GOAL OF THE EXERCISE — Please copy, exactly as written, the span from the first line below to the line that contains "3 SEQUENTIAL UNCIRCULATED", including both, and skip the pictures.

GIVEN ENTRIES —
========

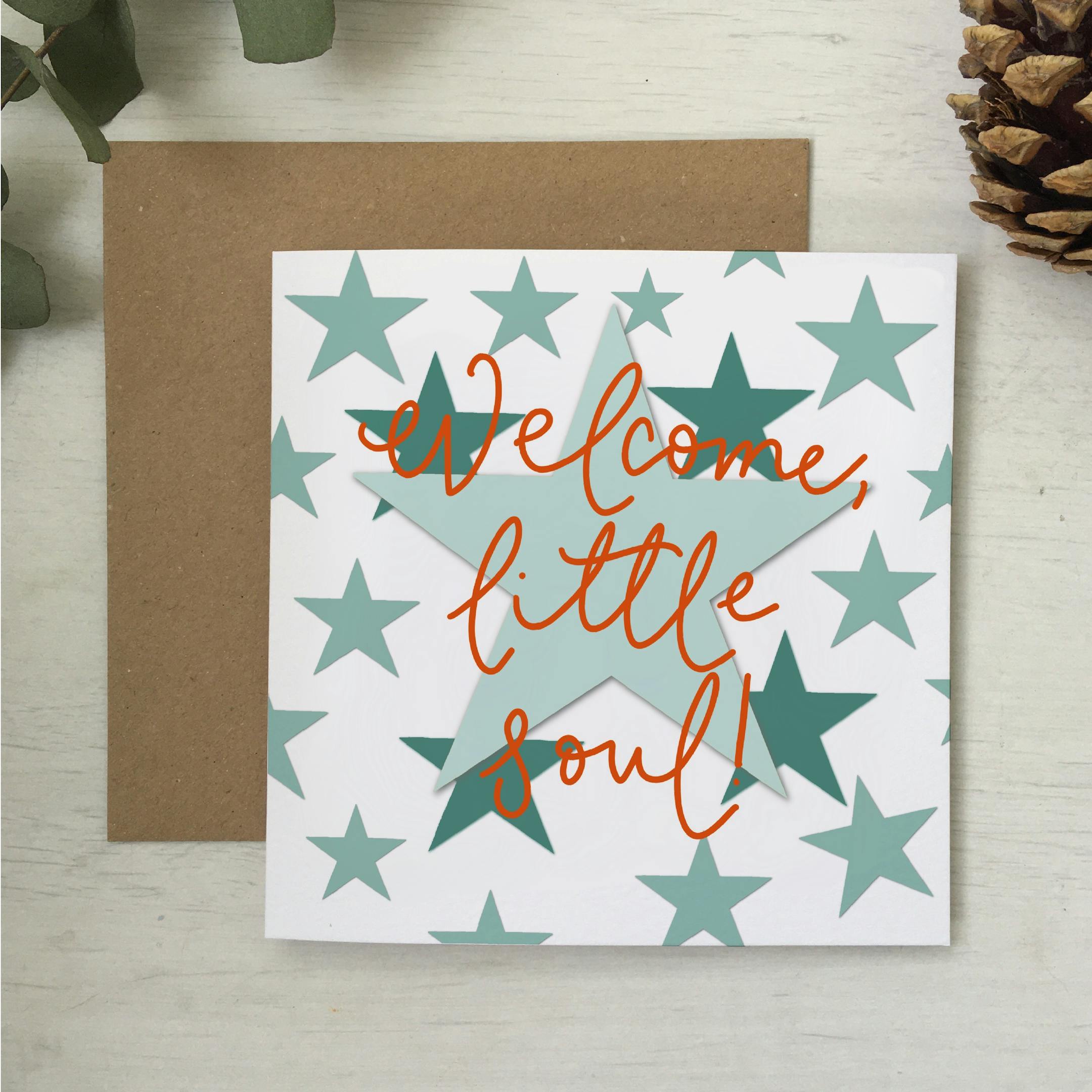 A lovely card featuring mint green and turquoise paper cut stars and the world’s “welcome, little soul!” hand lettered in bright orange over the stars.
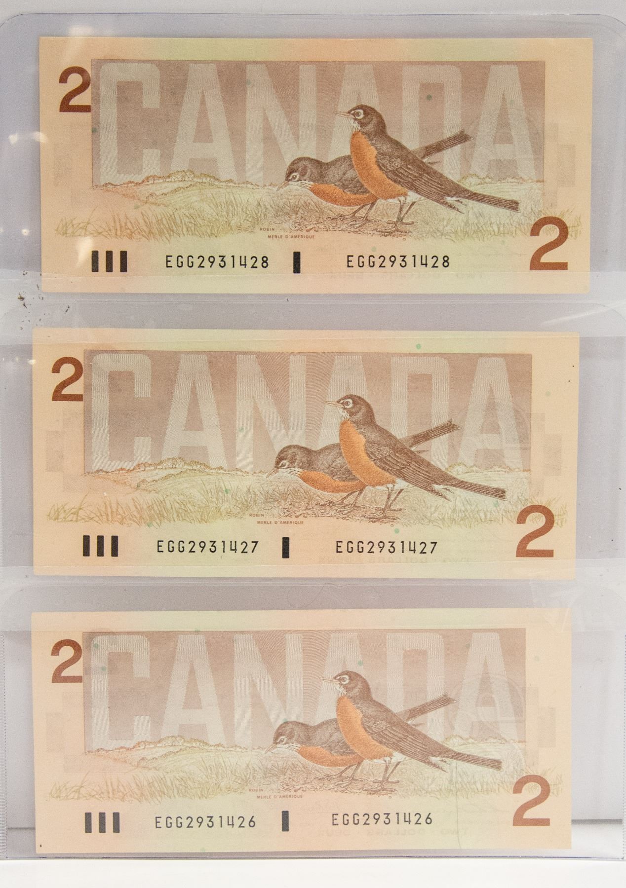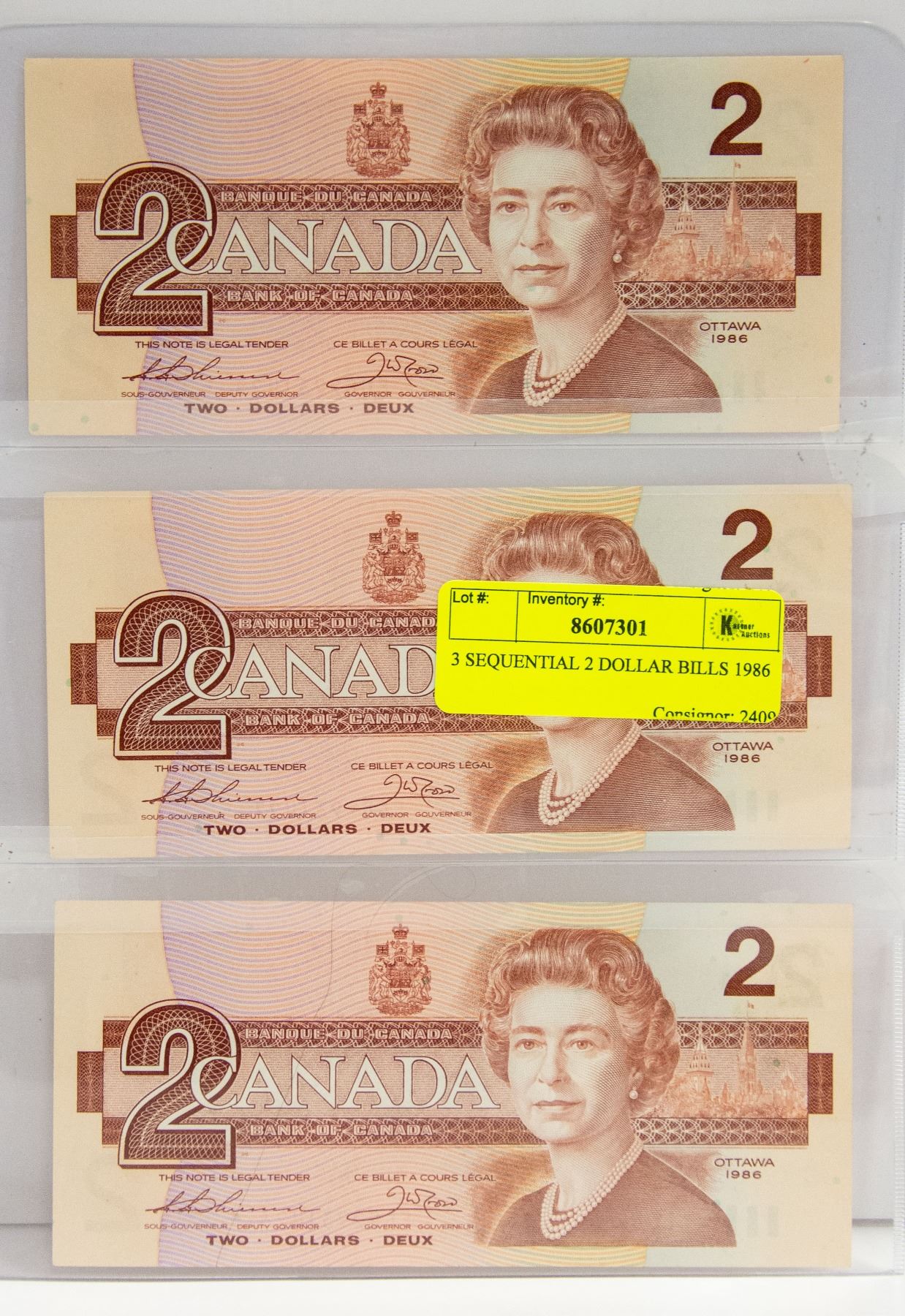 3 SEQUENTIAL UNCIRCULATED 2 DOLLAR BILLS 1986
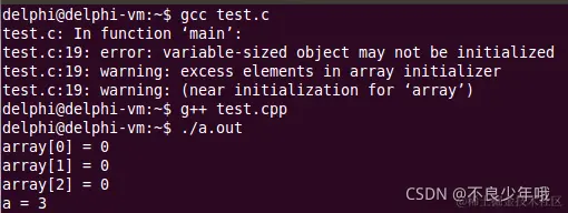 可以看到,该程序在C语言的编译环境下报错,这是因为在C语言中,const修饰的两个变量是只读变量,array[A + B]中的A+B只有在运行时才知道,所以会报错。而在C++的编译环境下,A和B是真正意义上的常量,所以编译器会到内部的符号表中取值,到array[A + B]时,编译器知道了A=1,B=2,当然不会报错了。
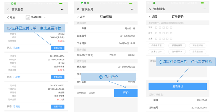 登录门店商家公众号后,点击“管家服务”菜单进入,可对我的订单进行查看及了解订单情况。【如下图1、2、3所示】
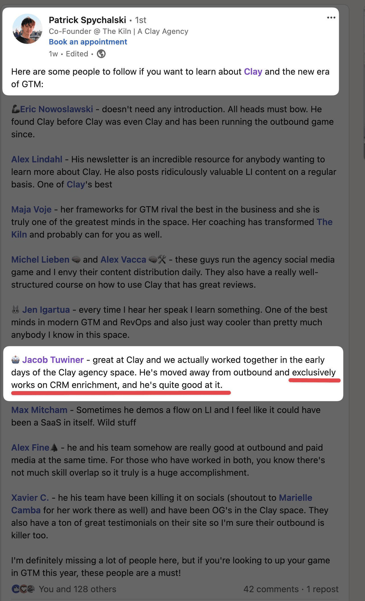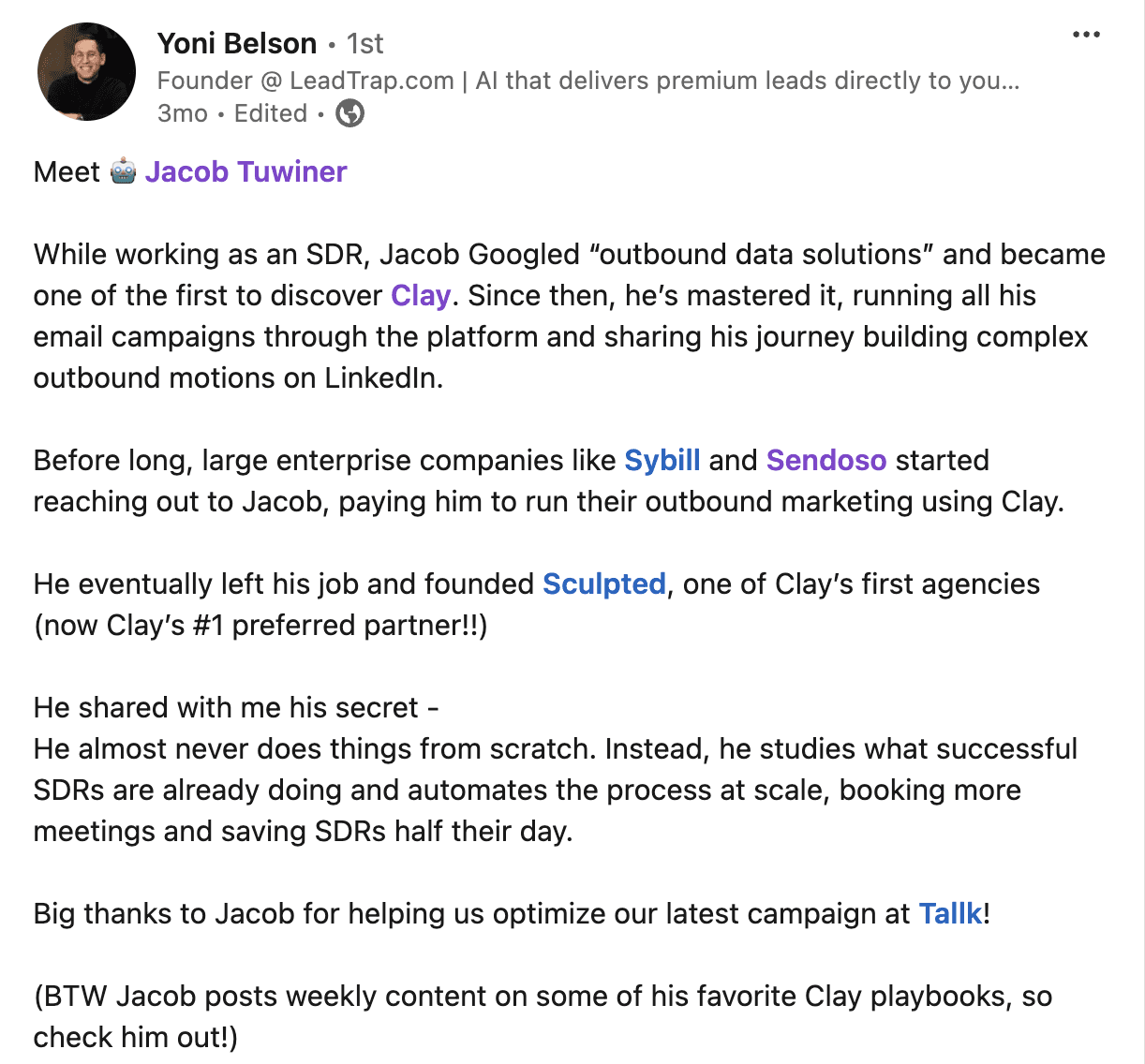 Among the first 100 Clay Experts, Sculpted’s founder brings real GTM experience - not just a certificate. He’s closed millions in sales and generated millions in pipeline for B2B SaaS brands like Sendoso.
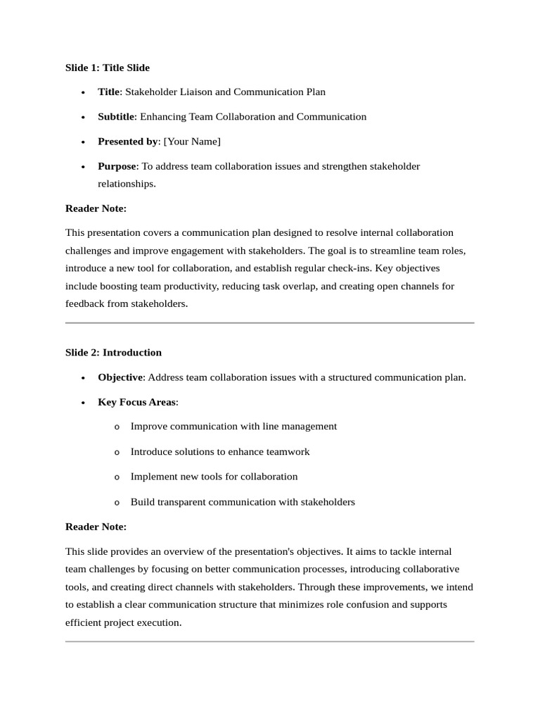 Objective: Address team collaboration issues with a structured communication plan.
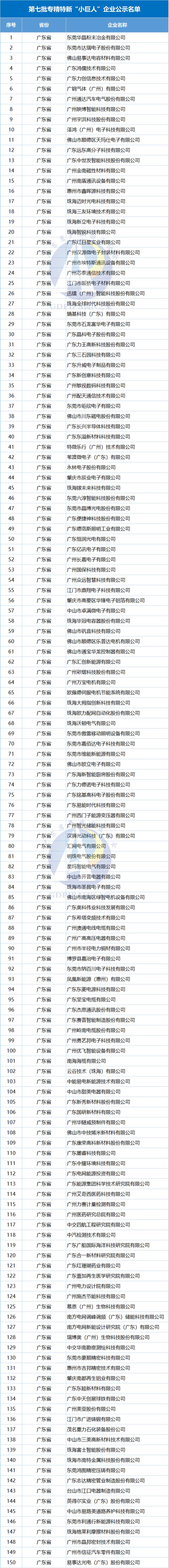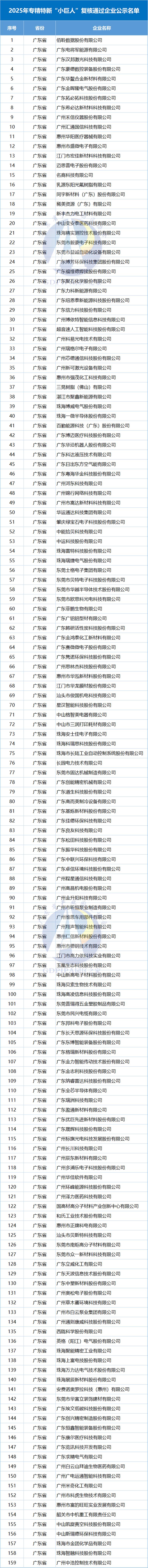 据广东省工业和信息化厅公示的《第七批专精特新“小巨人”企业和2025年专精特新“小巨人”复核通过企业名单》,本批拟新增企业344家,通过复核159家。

========

RESPONSE TO THIS EXERCISE —
 A lovely card featuring mint green and turquoise paper cut stars and the world’s “welcome, little soul!” hand lettered in bright orange over the stars.
 3 SEQUENTIAL UNCIRCULATED 2 DOLLAR BILLS 1986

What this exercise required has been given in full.